# Work order:
If pictures appear, leave them out, and return exactly the lines from the one holding "сторис своего Instagram." through the last line of the listing below.

# Records supplied:
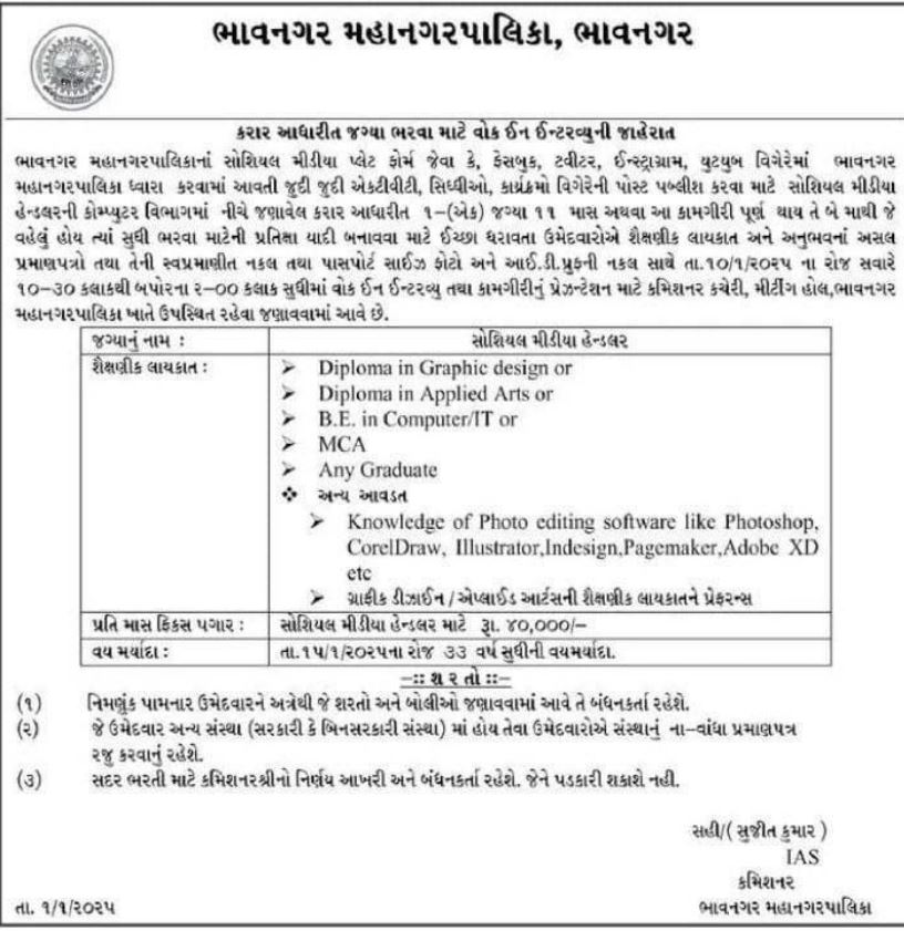 BMC Recruitment 2025 : BMC is inviting applications for the Social Media Handler position in 2025. Interested candidates can find details regarding age limit, educational qualifications, selection process, application fee, and how to apply on the official recruitment pages. The Bhavnagar Municipal Corporation is currently conducting recruitment for various positions in 2025. For specific details regarding available posts, eligibility criteria, application procedures, and deadlines, you can visit the official recruitment page or check local job portals for the latest updates.
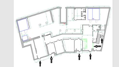 Площадь: 175 м2 на 1 этаже с Витринными окнами, есть запасной выход .
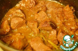 5. В форму выложить мясо, я выложила в порционные формы, сверху полить соусом, в котором тушилось мясо.
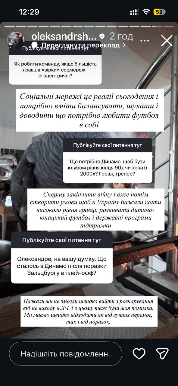 Бывший тренер "Динамо" Александр Шовковский ответил на вопросы подписчиков в сторис своего Instagram.
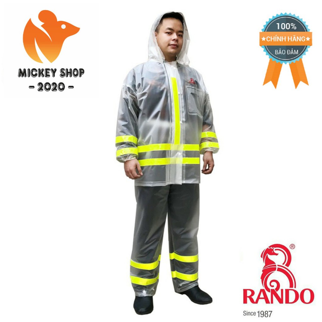 [ MUA NHIỀU ] RANDO Bộ Quần Áo Đi Mưa Nhựa PVC Trong Màu Phản Quang Chống Thấm nước, Thời Trang Cá Tính Cho Nam/Nữ - CHÍNH HÃNG- Áo Mưa Rando Chính Hãng, Bộ Quần Áo Đi Mưa Nhựa PVC Trong Màu Phản Quang Chống Thấm nước, An Toàn, Thời Trang Cá Tính Cho Nam/Nữ, Bộ áo đi mưa Trong Màu Phản Quang không chỉ giúp che mưa toàn thân mà còn là dòng sản phẩm thời trang và cá tính cho các khách hàng yêu thích sự nhẹ nhàng, mang nét thẩm mỹ khi đi trong mưa, là sản phẩm tiện ích giúp người mặc thuận tiện hơn trong những ngày mưa bão. Bộ áo mưa được thiết kế với chất liệu PVC trong mờ, nhẹ nhàng , thao tác mặc rất nhanh gọn giúp che phủ toàn bộ lớp quần áo chính của mình, người mặc sẽ được bảo vệ toàn thân, tránh được nước mưa từ mọi phía (trước, sau, trái phải)
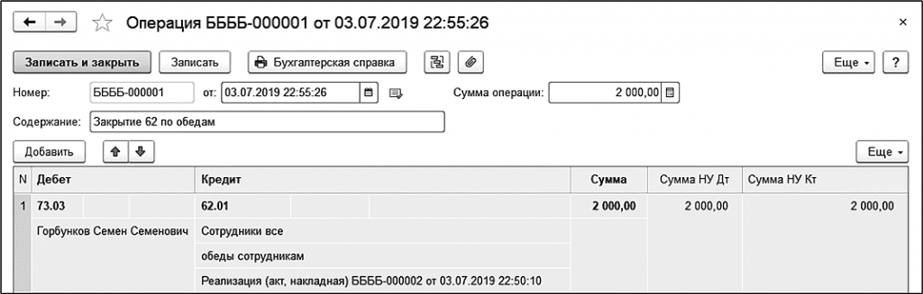 Взаиморасчеты (счет 62 «Расчеты с покупателями и заказчиками» и 73 «Расчеты с персоналом по прочим операциям») закрываются Операцией, введенной вручную (рис. 7).

# Response area:
 Бывший тренер "Динамо" Александр Шовковский ответил на вопросы подписчиков в сторис своего Instagram.
 [ MUA NHIỀU ] RANDO Bộ Quần Áo Đi Mưa Nhựa PVC Trong Màu Phản Quang Chống Thấm nước, Thời Trang Cá Tính Cho Nam/Nữ - CHÍNH HÃNG- Áo Mưa Rando Chính Hãng, Bộ Quần Áo Đi Mưa Nhựa PVC Trong Màu Phản Quang Chống Thấm nước, An Toàn, Thời Trang Cá Tính Cho Nam/Nữ, Bộ áo đi mưa Trong Màu Phản Quang không chỉ giúp che mưa toàn thân mà còn là dòng sản phẩm thời trang và cá tính cho các khách hàng yêu thích sự nhẹ nhàng, mang nét thẩm mỹ khi đi trong mưa, là sản phẩm tiện ích giúp người mặc thuận tiện hơn trong những ngày mưa bão. Bộ áo mưa được thiết kế với chất liệu PVC trong mờ, nhẹ nhàng , thao tác mặc rất nhanh gọn giúp che phủ toàn bộ lớp quần áo chính của mình, người mặc sẽ được bảo vệ toàn thân, tránh được nước mưa từ mọi phía (trước, sau, trái phải)
 Взаиморасчеты (счет 62 «Расчеты с покупателями и заказчиками» и 73 «Расчеты с персоналом по прочим операциям») закрываются Операцией, введенной вручную (рис. 7).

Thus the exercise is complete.